The bulk of orders Bell received to retrieve and transport bodies were from New England and New York families; most of these were commissioned through his agents in New York, Minett & Co. He also received a lesser number from those contacting him directly. Bell’s advertising for his undertaking business ran in New Orleans newspapers. But on at least one occasion, he received a free endorsement when The Times-Picayune's August 17, 1864 edition indirectly touted a compelling reason for embalming a loved one: to ensure the soldier was actually deceased before burial. In the article, a deceased Black man, “Martin,” was brought to Bell’s undertaking establishment on Carondelet Street for the purpose of embalming. As Bell was just starting an incision at the brachial artery, Martin “came back to life.” Two days later, he was back at his workplace none the worse. This was better than any paid advertising. But another point not wasted on local readers was that Bell also served the Black community, a fact supported by a letter from the Corps d’Afrique Hospital dated August 25, 1864, stating that he would receive payment for his funeral services for two Black soldiers, M.D. Talbot and P. Goudin.
"Embalming bodies or—when too decomposed—pickling them in alcohol, and sealing them in impregnable metallic coffins, turned out to be big business."
The shipping of bodies north to New York or New England by steamer was a straightforward undertaking in Civil War New Orleans, but for families in the Midwest, it was a longer and more costly journey. It wasn’t until July 4, 1863, with the capture of Vicksburg, that the Union gained complete control of the Mississippi River. But even in Union hands, part of the river, with its shifting sandbars, was at times a terror to navigate, leaving many coffins to be shipped to New York, and then overland by railroad or freight wagon to their destinations in the Midwest. Embalming bodies or—when too decomposed—pickling them in alcohol, and sealing them in impregnable metallic coffins, turned out to be big business. By 1863, the cost skyrocketed from the early war price of $50 to Bell’s standard fees ranging from $75 to $125 in Louisiana (equal to around $2,000 or more, today). The price of dying had become more costly.
[Read this: "The Best We Could—How disease killed the Civil War soldiers, even more than the guns" ]

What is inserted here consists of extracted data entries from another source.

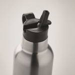 Doppelwandige Isolierflasche aus recyceltem Edelstahl (90 % recycelter Edelstahl und 10 % Edelstahl) mit auslaufsicherem Schraubverschluss und austauschbarem Verschluss mit eingebautem Trinkhalm. Füllmenge: 700 ml.
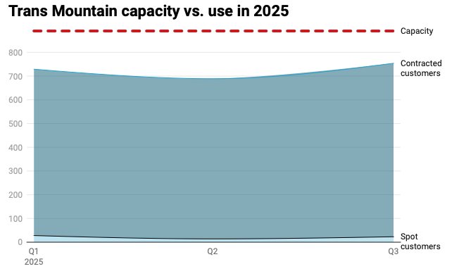 Those higher tolls might help explain another ingredient in Trans Mountain’s faltering financial picture: a dearth of so-called “spot” shippers — companies that pay a premium to use the pipe as desired but have no contractual obligations to the pipeline company.
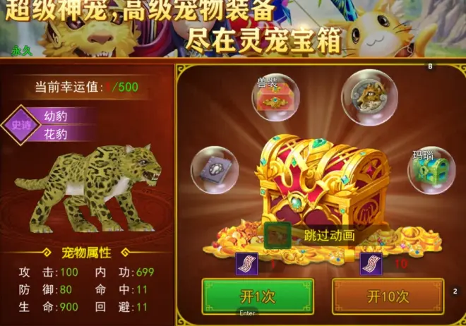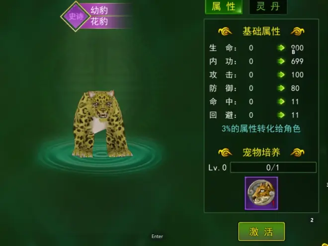 龙猫:是系统的初始宠物,也是免费赠送的!一般系统赠送的宠物自身属性都不会高,所以龙猫是属于普通品质的宠物,评分较低,伤害也不高。可以将1%的属性转化给角色,对玩家的实力提升有限,还是有很大上升空间的!
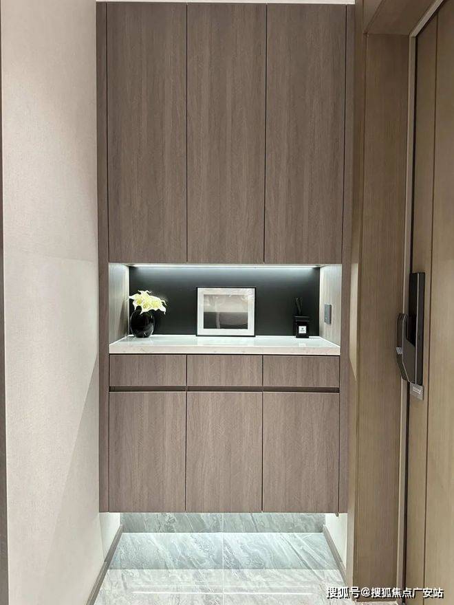 入户玄关更是设计了大量的收纳空间。底部架空,可以用来摆放鞋子,并设置有嵌入式灯带,整体的氛围感拉满。浦发上品售楼处电话:400-9692-958(一对一解答,欢迎咨询)
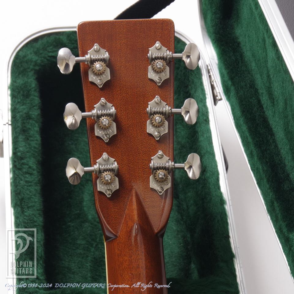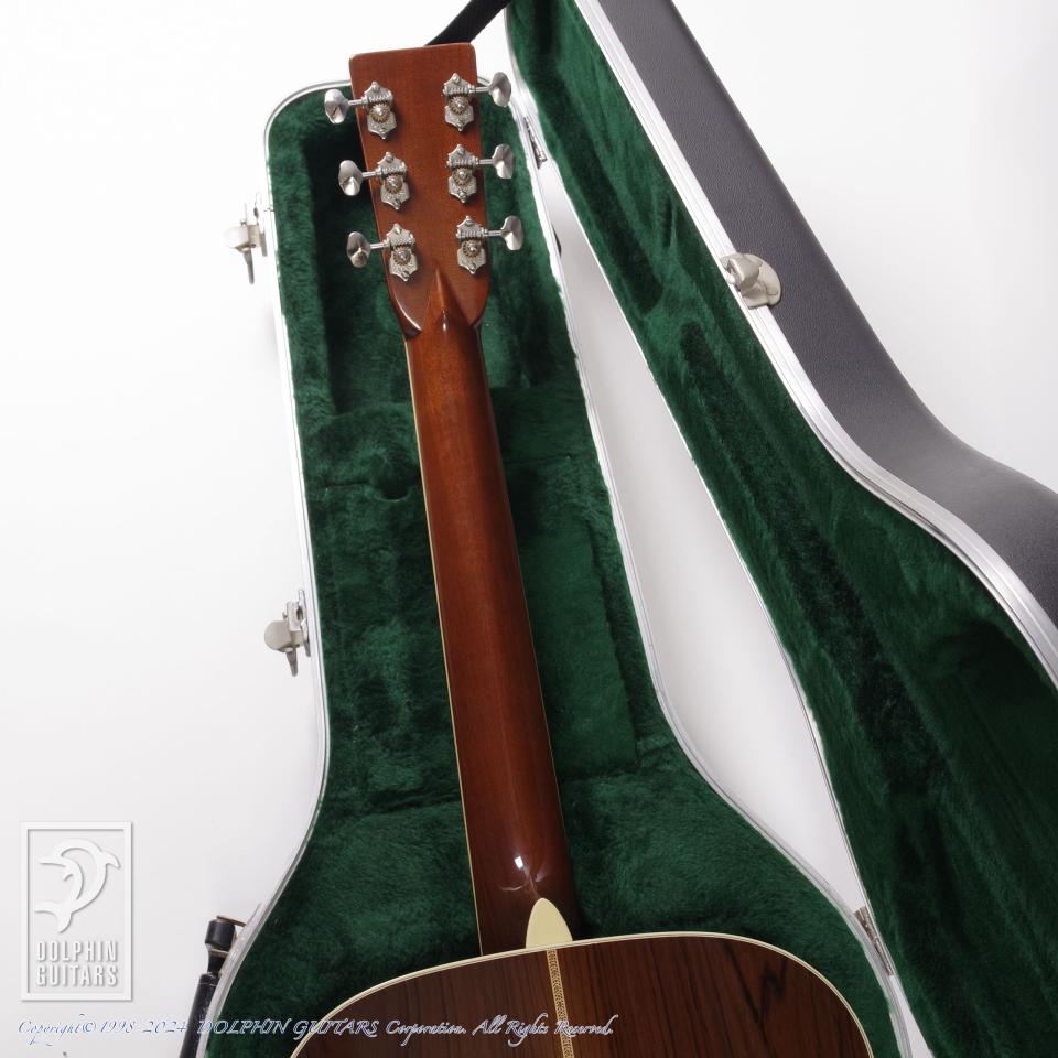 ネックリセット以外のリペアは見られず、バインディング剥がれも見られません、もちろん木部もノークラック。パーツは全てオリジナルであり、大変希少価値の高い個体であります。ハカランダの迫力のある木目と、黄金色に輝く上質なイングルマンスプルース、色鮮やかなアバロントリムなど、この美しさはやはり本家マーティンでしか見られません。
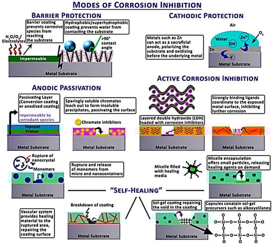 Schematic of various modes of corrosion inhibition such as barrier protection, cathodic protection, anodic passivation, active corrosion inhibition, and self-healing [31]. Reproduced with permission from IOP publishing.
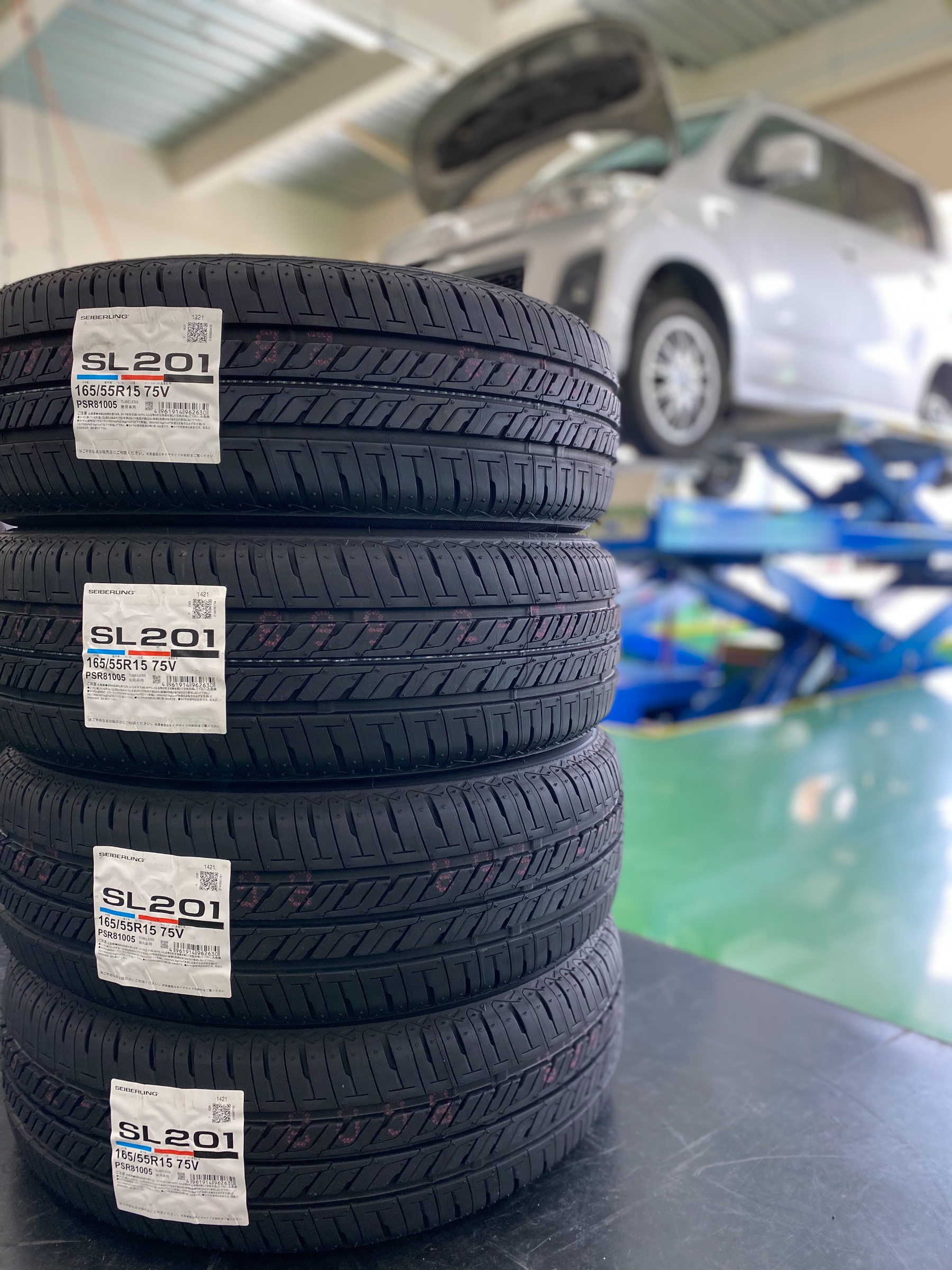 ブリヂストン工場製セイバーリング サイズは165/55R15です。
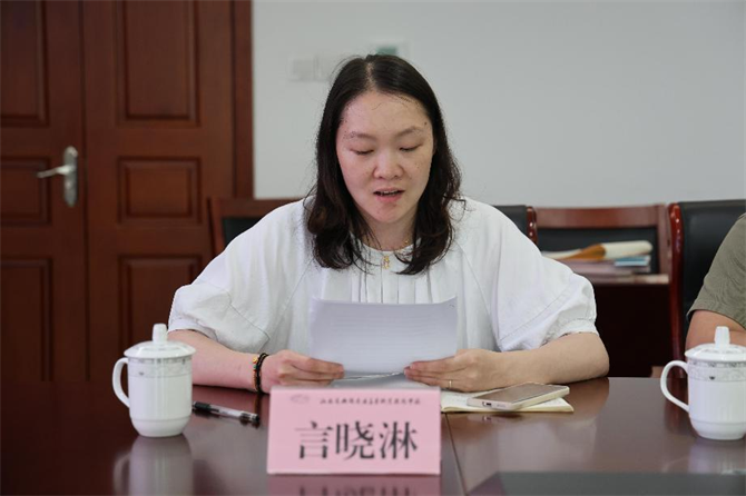 资助工作人员代表言晓淋老师发言,她介绍了奖助学金的评选过程,表示资助是一项有温度的工作,在帮助学生申请奖助的过程中也收获了很多幸福。
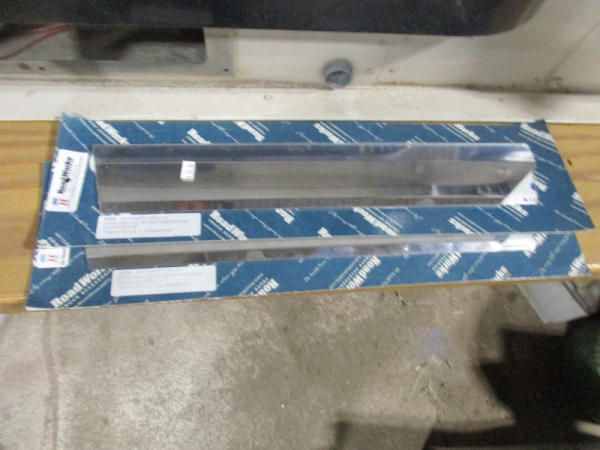 NEW Chrome Accessories (DR8804), (4) stes Pete headlight visors, (5) Pete logo trims, Pete & KW air deflectors, (2) Pete vent trims, (2) stainless steel beacon brackets, (4) stainless steel permit brackets.
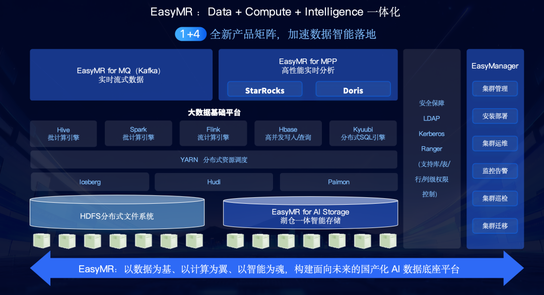 EasyMR是袋鼠云构建的面向未来的国产化AI数据底座平台 ,其核心是“1+4”全新产品矩阵 ,旨在解决最基础的存算、运维和国产化适配问题。
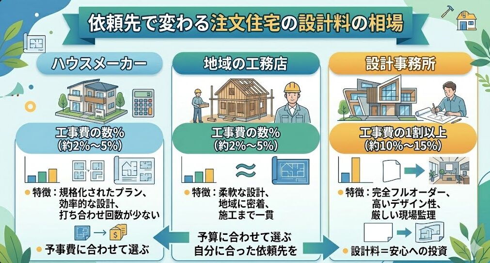 注文住宅の設計料は、ハウスメーカー、工務店、設計事務所といった依頼先によって相場が大きく変わります。
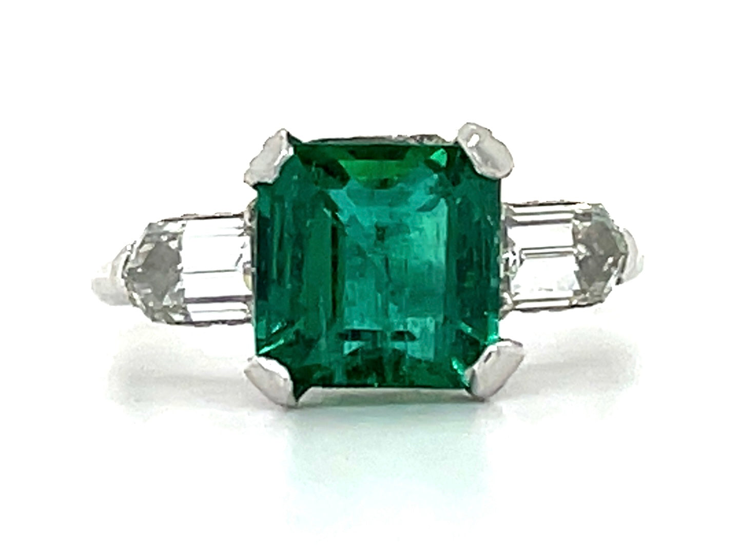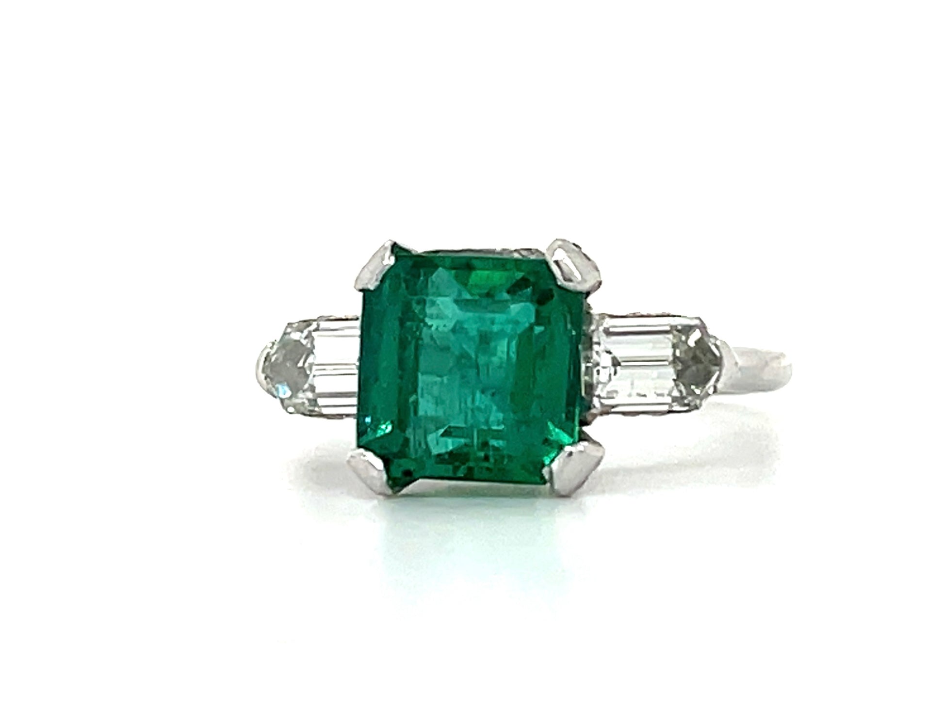 Art Deco 2.95ct Emerald Platinum Ring (Circa 1930s) .80ct Bullet Diamonds .34ct Side Diamonds

What’s more, much could go wrong in the process of disinterring and transporting soldiers’ bodies. Sometimes, remains didn’t arrive when scheduled, as was the case when the steamer Mississippi pulled into port without the body of Thaddeus Weems. On another occasion, the Mississippi scheduled to ship coffins was instead ordered to transport troops to the front. Bodies sealed in their airtight metallic coffins might hang around one’s mortuary shop for months, or even years, for a number of reasons: the deceased soldier’s family had not the funds to pay for the body’s release, or a loved one simply had lost interest in shipping a body home. Such was the case of a Union captain who, after two years, was still taking up space in Bell’s shop. In this instance, the captain’s widow had found a new beau and had no interest in claiming the remains of her former one.
Despite the agonizing waits and high costs associated with disinterring, preparing bodies, and shipping them home, bereaved loved ones held Bell in high regard, and expressed great warmth towards him, often offering open invitations to their homes.
William R. Bell died in 1874. The correspondence left behind reveals the significant impact he and his work held in Civil War-era New Orleans. The words penned in the letters and invoices of his archive present a new perspective on the challenges faced by the Civil War undertakers as they worked to prepare the dead for their rightful final resting places.